В эти же дни в другом дневнике каждая строчка шла из недр души и дышала глубоким подземным огнем.
…На меня каждую минуту наплывает мир моей любви. В нем тысяча пустяков и тысяча глубин. Меня сводит с ума горечь его интонации и изящество жестов, и вместе с тем я знаю, что люблю его не за наружность, и если бы он был изуродован или искалечен, я любила бы его не меньше. Любовь моя, любовь моя заветная, сокровенная… годами лились ее слезы, а вот теперь хочется всю свою жизнь до самозаклания отдать этой любви.
2 апреля. Я до сих пор как в сладком чаду: «Нравится мне всех больше Елизавета Георгиевна». Пусть это была игра, но ведь игра в «правду».
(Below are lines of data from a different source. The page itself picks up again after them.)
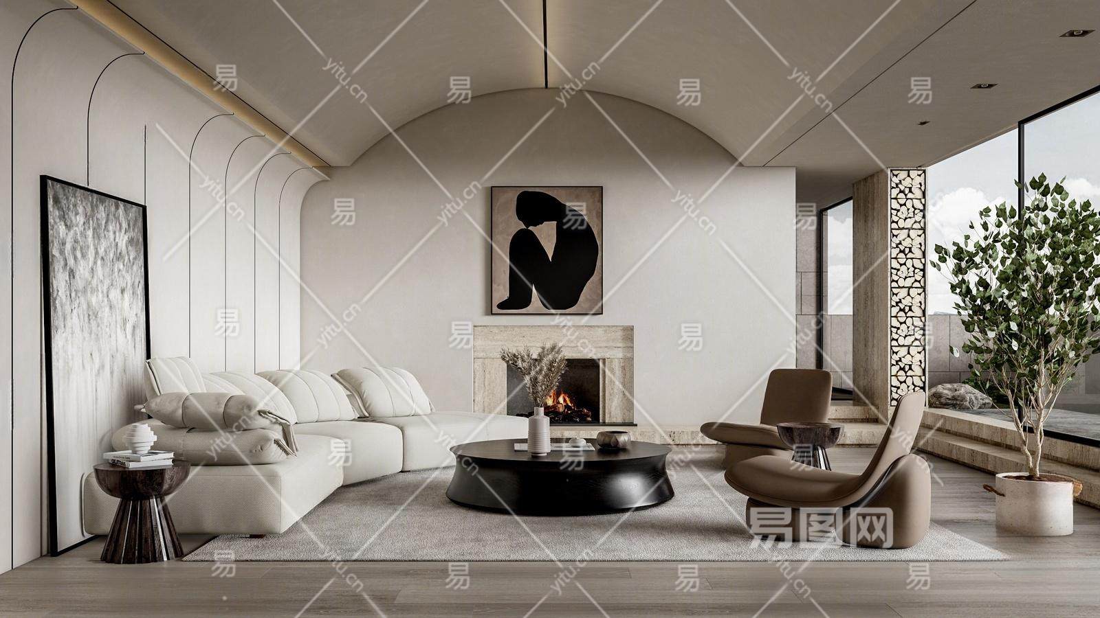侘寂风客厅 沙发茶几组合 装饰画 休闲椅 盆栽
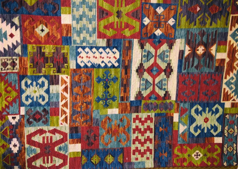 Mural Kilin Patchwork de 70 x 120 cm. en esterilla delgada bordado por Mónica Martorel con abrazaderas y flecos de seda.![]()
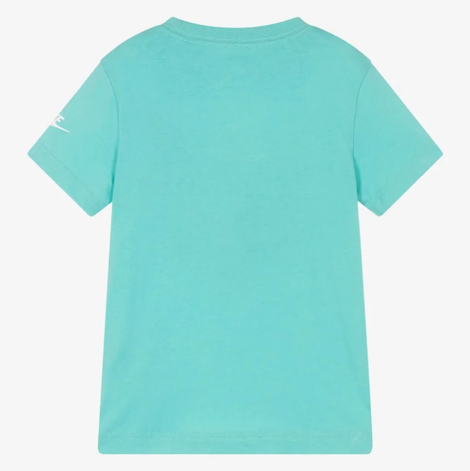 Aqua green T-shirt for boys by Nike, made in a soft and comfortable cotton-blend jersey. This casual tee has short sleeves and the brand's iconic Swoosh logos on the front and on one sleeve for a distinctive statement finish.
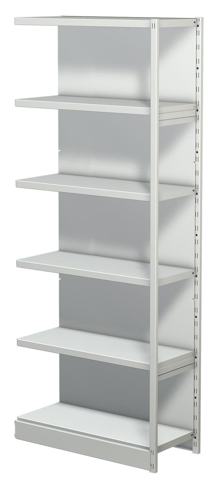 ∙ Optimale Raumausnutzung ∙ Fachböden 30 mm stark, im Raster von 59 mm höhenverstellbar ∙ Regalpfosten aus Kastenprofilen mit glatten Fronten ∙ Serienmäßig mit bodenbündiger Sockelblende ∙ Mit zusätzlichen Fachböden, Fachteilern, Seiten- und Trennstegen und Pendelhefterschienen individuell auszustatten ∙ Türen-Anbausätze, Seitenblenden und Zwischenwände ermöglichen die problemlose Integration von Schrankelementen ∙ Hochwertige Pulverbeschichtung in RAL 7035 lichtgrau
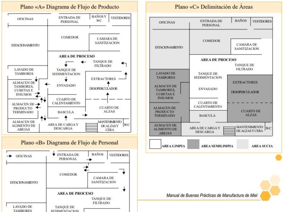 Manual realizado por SAGARPA Y SENASICA en donde se abordan diversos temas de la manufactura de miel, como las instalaciones y el proceso para la extracción y envasado de miel, equipos e implementos, programas de eliminación de desechos, lucha contra plagas e higiene del personal, procedimiento de operación estándar de sanitización, etiquetado de la miel, entre otros.
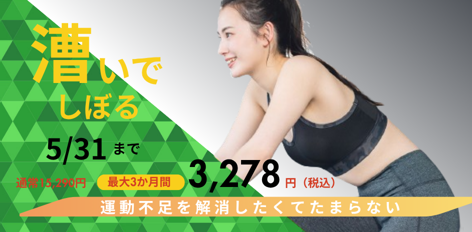 いろいろあるけど、今だけは最大3か月間TOPコースが6,800円(税込7,480円)で施設は使いたい放題!

3 апреля. Эти девочки – Ася и Леля… Есть в них что-то слишком уж несовременное, что-то салонное! Никакой идейности, никакой интеллектуальной жизни, а только уверенность в собственной неотразимой прелести. Ася хлопает ресницами и смотрит исподлобья, как наивный ребенок, и так будет смотреть, наверно, лет до 30. И это у нее естественно – кривлянья в ней нет (бабушка живо вытравила бы кривлянье). То же и Леля со своей капризной манерой вскидывать голову и надувать губки. Уверенность, что это мило, коренится где-то в их женском инстинкте. Но мужчина умный и серьезный ценит в женщине прежде всего идейность и героизм, которыми всегда отличалась русская женщина…
4 апреля. Когда он провожал меня домой после вечеринки, мы шли сначала все вместе и только понемногу расходились. Валентину Платоновичу, по-видимому, хотелось поговорить с моим Олегом. У них, наверно, много общих воспоминаний, но при мне они не начинали серьезного разговора, а только обменялись адресами. Фроловский – тоже настоящий тип прежнего военного, но в нем и следа нет того байронического оттенка, который так пленяет меня в Олеге. Расстались мы с Валентином Платоновичем уже недалеко от моего дома и с глазу на глаз говорили недолго. Я спросила Олега, видится ли он со своим денщиком. Он ответил: «Это одно из моих больных мест! Человек, который дважды спас мне жизнь, пострадал из-за меня. Я покинул госпиталь, едва лишь мог встать на ноги, чтобы не быть узнанным. Василий отыскал заброшенную рыбацкую хибарку, где укрывал меня, а сам работал лодочником на пристани и приносил мне по вечерам хлеб и воблу. В первый и единственный раз, когда я, желая испробовать свои силы, вышел сам из хибарки и добрел кое-как до хлебного ларька, я увидел знакомого полковника, который в рваной рабочей куртке стоял около этого ларька, безнадежно ожидая, что кто-нибудь подаст ему хлеба. Вы поймите, что я не мог пройти мимо человека, который бывал в доме моего отца, а теперь оказался в еще худшем положении, чем я сам; я привел его в нашу хибарку. Но встреча эта оказалась роковой – за ним, по-видимому, следили, так как в эту же ночь нагрянула ЧК. Как только я вышел наконец из лагеря и поселился у Нины Александровны, я написал Василию на его родную деревню и подписался: "Твой друг рядовой Казаринов". Забыть эту фамилию он не мог, а из лагеря должен был освободиться раньше меня – так получил только три года, тем не менее он не ответил мне, не ответил ни на это письмо, ни на повторное, почему – не знаю!» Этот короткий разговор вывихнул мне всю душу, живо напомнив ужасы тех дней. Боже мой, что тогда было!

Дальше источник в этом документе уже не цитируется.